[Start of Attachment]
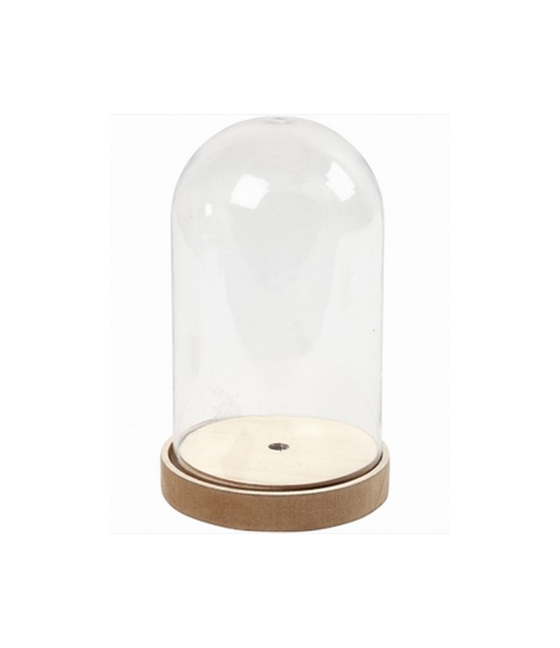 Cloche en plastique transparent avec pied et plateau en MDF. Peut être alimenté par une guirlande de lumières à piles (réf 43413) .
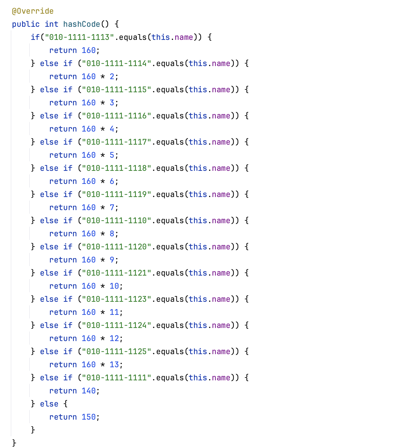 밑의 코드에서 PhoneBook 클래스는 Key와 Hash Table size의 & 비트 연산 결과가 같은 index를 반환하도록 hashCode() 메서드를 오버라이드 하여 하드코딩 한 코드입니다.
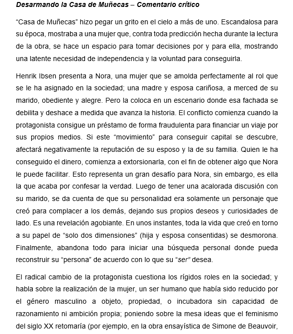 Casa de muñecas es una obra dramática escrita por Henrik Ibsen cuyo estreno, a fines de 1879, generó amplio revuelo social debido a los tópicos abordados: normas conyugales, rol de la mujer, engaños e injusticias sociales, principalmente.
[End of Attachment]
Could you retype each line of the material above exactly, skipping the pictures?

 Cloche en plastique transparent avec pied et plateau en MDF. Peut être alimenté par une guirlande de lumières à piles (réf 43413) .
 밑의 코드에서 PhoneBook 클래스는 Key와 Hash Table size의 & 비트 연산 결과가 같은 index를 반환하도록 hashCode() 메서드를 오버라이드 하여 하드코딩 한 코드입니다.
 Casa de muñecas es una obra dramática escrita por Henrik Ibsen cuyo estreno, a fines de 1879, generó amplio revuelo social debido a los tópicos abordados: normas conyugales, rol de la mujer, engaños e injusticias sociales, principalmente.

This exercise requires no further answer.